[Collection entries]
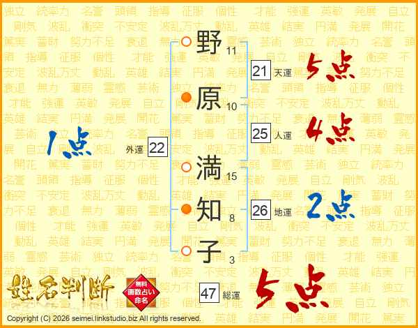 野原満知子さんの総運は47画の5点!
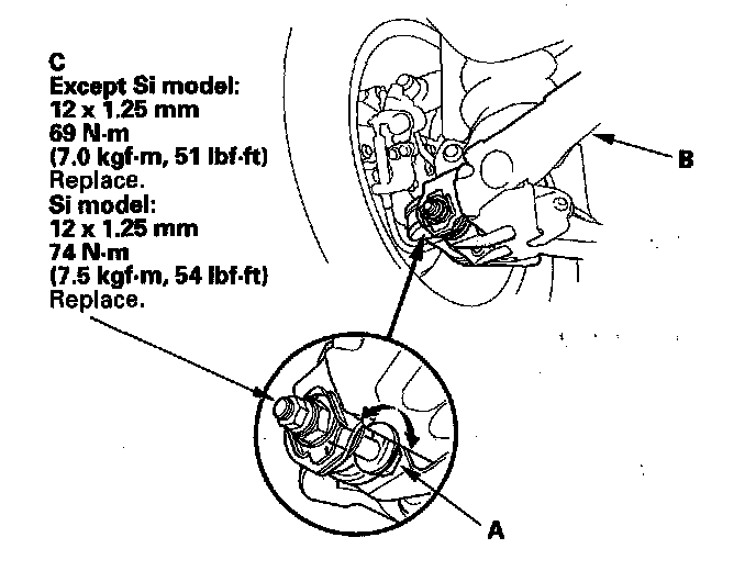 3. Hold the adjusting bolt (A) on the trailing arm (B), and remove the self-locking nut (C).
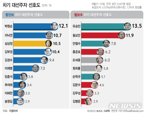 【서울=뉴시스】전진우 기자 = 여론조사 전문기관 리얼미터가 CBS 의뢰로 지난달 27~31일 5일간 전국 19세 이상 성인 남녀 2507명에게 범(汎)진보와 범 보수진영별 차기 대선주자 선호도 조사를 한 결과, 박원순 서울시장과 유승민 전 바른미래당 공동대표가 각각 1위로 집계됐다고 3일 밝혔다.
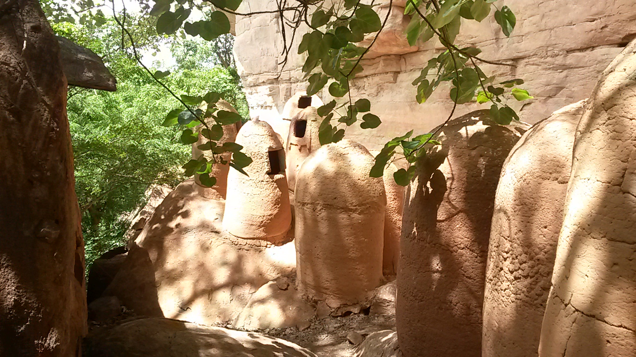 Rondom Banfora, even ten zuidwesten van Bobo-Dioulasso, is van alles te zien en te doen, maar niks daarvan is uitzonderlijk spectaculair. Desondanks hebben alle sights van enige betekenis hun eigen charme, juist ook omdat er niet veel toeristen komen en de mensen daarom nog gewoon vriendelijk zijn. Ik bezocht de koepelvormige Dômes de Fabedougou, de getrapte Cascades de Karfiguéla en de ogenschijnlijk gebeeldhouwde Pics de Sindou. Ik maakte een boottochtje op Lac de Tengréla en crosste achterop een brommertje door het oerwoud naar de Baobab Sacré, een heilige holle boom, waar een dronken gids een onbegrijpelijk verhaal afstak over voorouders. Het meest onder de indruk was ik van Niansogoni. Samen met drie Fransen en gids Solo reed ik twee uur over zandweggetjes, door water- en modderplassen richting de Ivoriaanse grens, zij op twee brommertjes, ik in de auto erachteraan. Ik had geen idee waar we precies heen gingen, had alleen iets gehoord over een verlaten dorp. Het bleek dat we het laatste stuk erheen moesten lopen, een half uur, steil bergop. We klauterden om de kale heuveltop heen en ineens stonden we er middenin. Een overhangende rots vormde een hoge grot die aan de open kant werd afgeschermd door dichte begroeiing. De grot was volgebouwd met lemen, barbapapavormige huisjes en voorraadschuren, compleet onvindbaar als je niet precies wist waar te zoeken. Dat was natuurlijk ook het idee; dit was de ontsnappingsplek geweest van de mensen in het dorp beneden. Maar liefst driehonderd bewoners konden zich hier verschuilen voor eventuele aanvallers. De huisjes stamden uit de 14de eeuw en waren nog tot 1980 in gebruik geweest. Het was een wonderbaarlijke plek, zeker als je geen verwachting had van wat je ging zien, zoals ik.
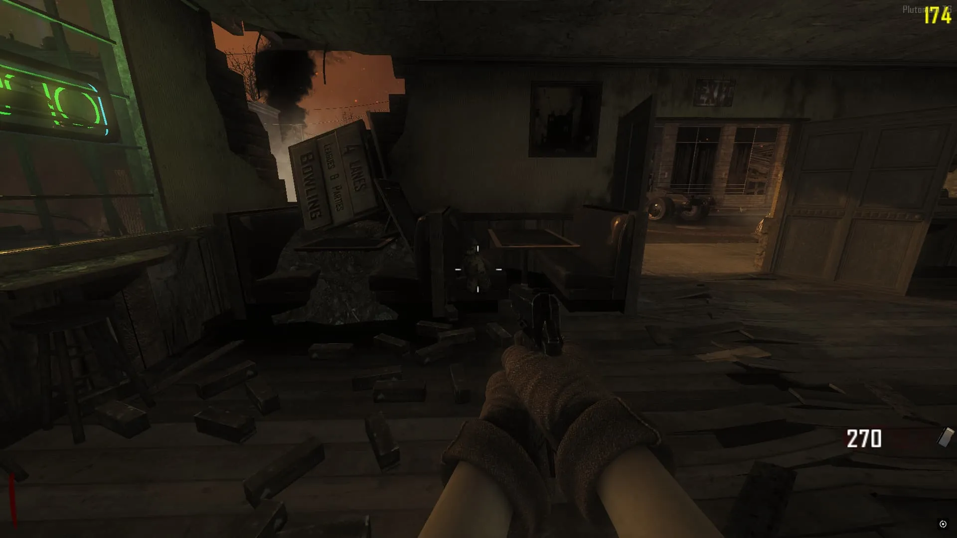 1. Dentro del bar, encima de una silla cerca de la entrada.
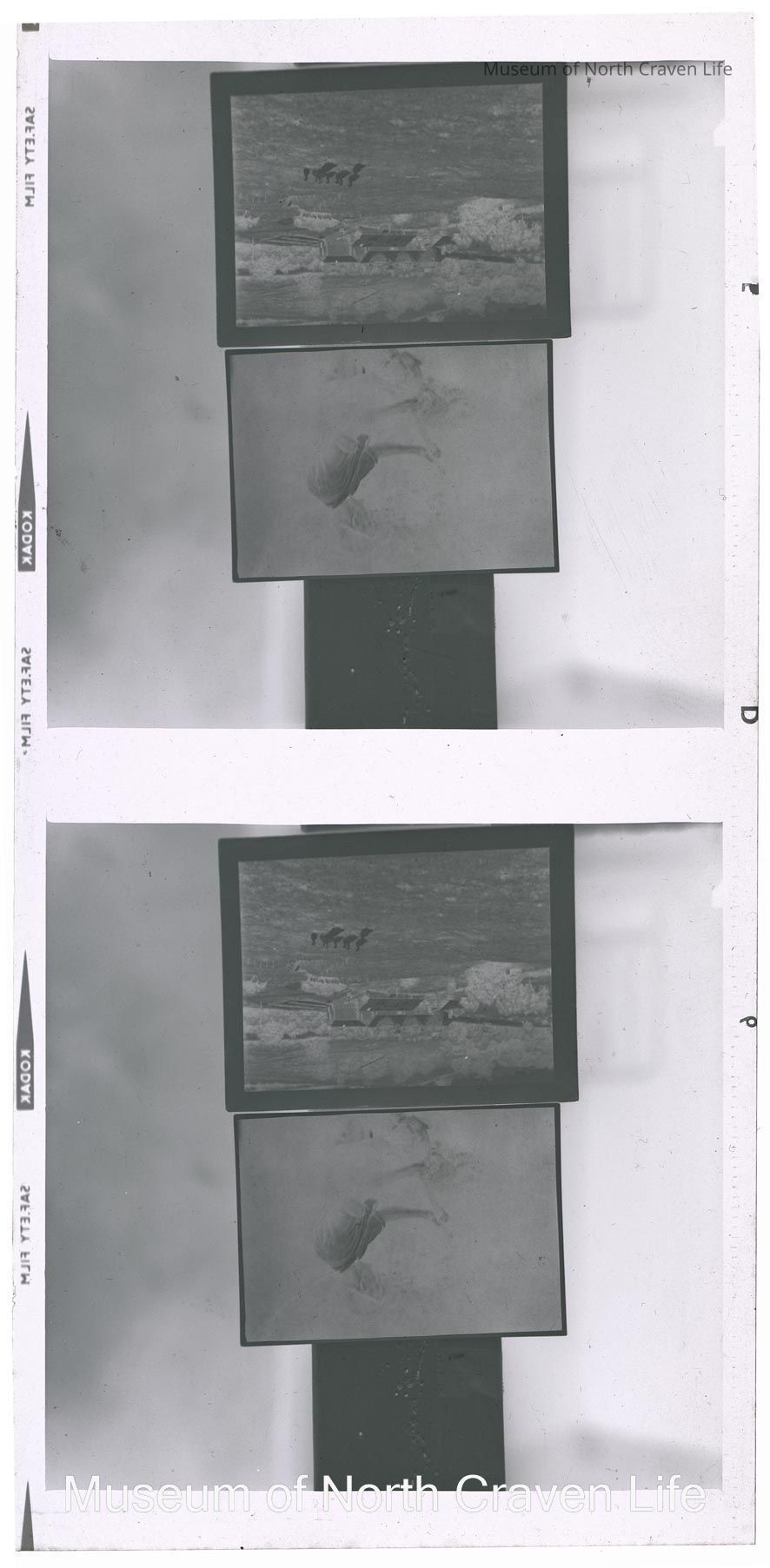 A 2½ x 2½" monochrome acetate film negative. An image of 2 photographic prints. A view of a working man, possibly a miner ; a view of a farm with geese in the foregroundCollection
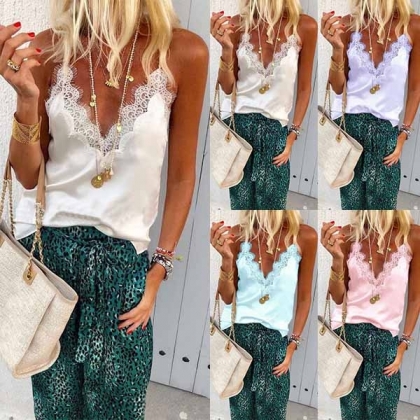 This cami top is perfect fit for these sun-soaked summer days. Solid color style,the lace spliced and v-neck
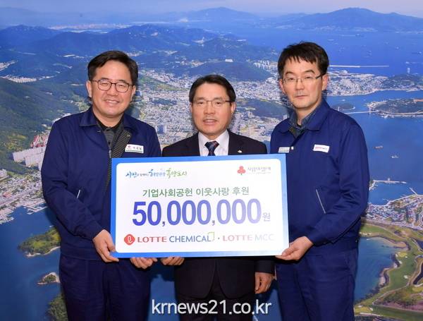 ㈜롯데케미칼과 롯데MCC가 지난 12일 관내 저소득층과 복지 위기가구를 위해 써달 라며 여수시에 후원금 5000만 원을 전달했다.
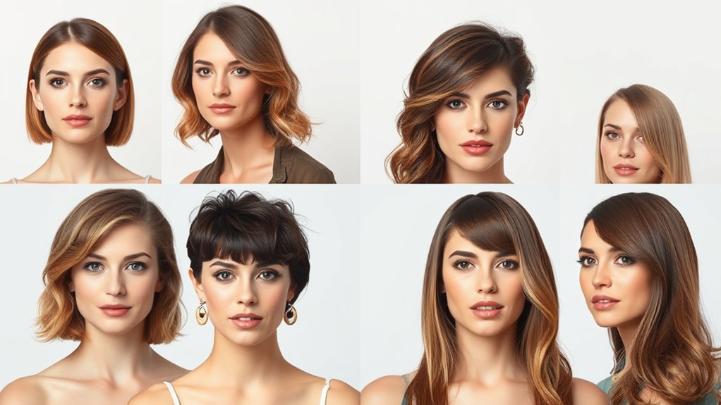 Understanding your face shape helps you pick hairstyles that highlight your best features and boost your confidence. If you have a round face, opt for layered styles with volume on top to create length. For square faces, softer waves and longer layers soften strong angles. Heart-shaped faces benefit from styles that balance the forehead and chin, like chin-length bobs. Keep exploring to discover personalized tips that will enhance your natural beauty even further.

◆ GOAL OF THE EXERCISE: Print every line above once more, exactly. Omit the pictures.

◆ EXERCISE RESPONSE:
 野原満知子さんの総運は47画の5点!
 3. Hold the adjusting bolt (A) on the trailing arm (B), and remove the self-locking nut (C).
 【서울=뉴시스】전진우 기자 = 여론조사 전문기관 리얼미터가 CBS 의뢰로 지난달 27~31일 5일간 전국 19세 이상 성인 남녀 2507명에게 범(汎)진보와 범 보수진영별 차기 대선주자 선호도 조사를 한 결과, 박원순 서울시장과 유승민 전 바른미래당 공동대표가 각각 1위로 집계됐다고 3일 밝혔다.
 Rondom Banfora, even ten zuidwesten van Bobo-Dioulasso, is van alles te zien en te doen, maar niks daarvan is uitzonderlijk spectaculair. Desondanks hebben alle sights van enige betekenis hun eigen charme, juist ook omdat er niet veel toeristen komen en de mensen daarom nog gewoon vriendelijk zijn. Ik bezocht de koepelvormige Dômes de Fabedougou, de getrapte Cascades de Karfiguéla en de ogenschijnlijk gebeeldhouwde Pics de Sindou. Ik maakte een boottochtje op Lac de Tengréla en crosste achterop een brommertje door het oerwoud naar de Baobab Sacré, een heilige holle boom, waar een dronken gids een onbegrijpelijk verhaal afstak over voorouders. Het meest onder de indruk was ik van Niansogoni. Samen met drie Fransen en gids Solo reed ik twee uur over zandweggetjes, door water- en modderplassen richting de Ivoriaanse grens, zij op twee brommertjes, ik in de auto erachteraan. Ik had geen idee waar we precies heen gingen, had alleen iets gehoord over een verlaten dorp. Het bleek dat we het laatste stuk erheen moesten lopen, een half uur, steil bergop. We klauterden om de kale heuveltop heen en ineens stonden we er middenin. Een overhangende rots vormde een hoge grot die aan de open kant werd afgeschermd door dichte begroeiing. De grot was volgebouwd met lemen, barbapapavormige huisjes en voorraadschuren, compleet onvindbaar als je niet precies wist waar te zoeken. Dat was natuurlijk ook het idee; dit was de ontsnappingsplek geweest van de mensen in het dorp beneden. Maar liefst driehonderd bewoners konden zich hier verschuilen voor eventuele aanvallers. De huisjes stamden uit de 14de eeuw en waren nog tot 1980 in gebruik geweest. Het was een wonderbaarlijke plek, zeker als je geen verwachting had van wat je ging zien, zoals ik.
 1. Dentro del bar, encima de una silla cerca de la entrada.
 A 2½ x 2½" monochrome acetate film negative. An image of 2 photographic prints. A view of a working man, possibly a miner ; a view of a farm with geese in the foregroundCollection
 This cami top is perfect fit for these sun-soaked summer days. Solid color style,the lace spliced and v-neck
 ㈜롯데케미칼과 롯데MCC가 지난 12일 관내 저소득층과 복지 위기가구를 위해 써달 라며 여수시에 후원금 5000만 원을 전달했다.
 Understanding your face shape helps you pick hairstyles that highlight your best features and boost your confidence. If you have a round face, opt for layered styles with volume on top to create length. For square faces, softer waves and longer layers soften strong angles. Heart-shaped faces benefit from styles that balance the forehead and chin, like chin-length bobs. Keep exploring to discover personalized tips that will enhance your natural beauty even further.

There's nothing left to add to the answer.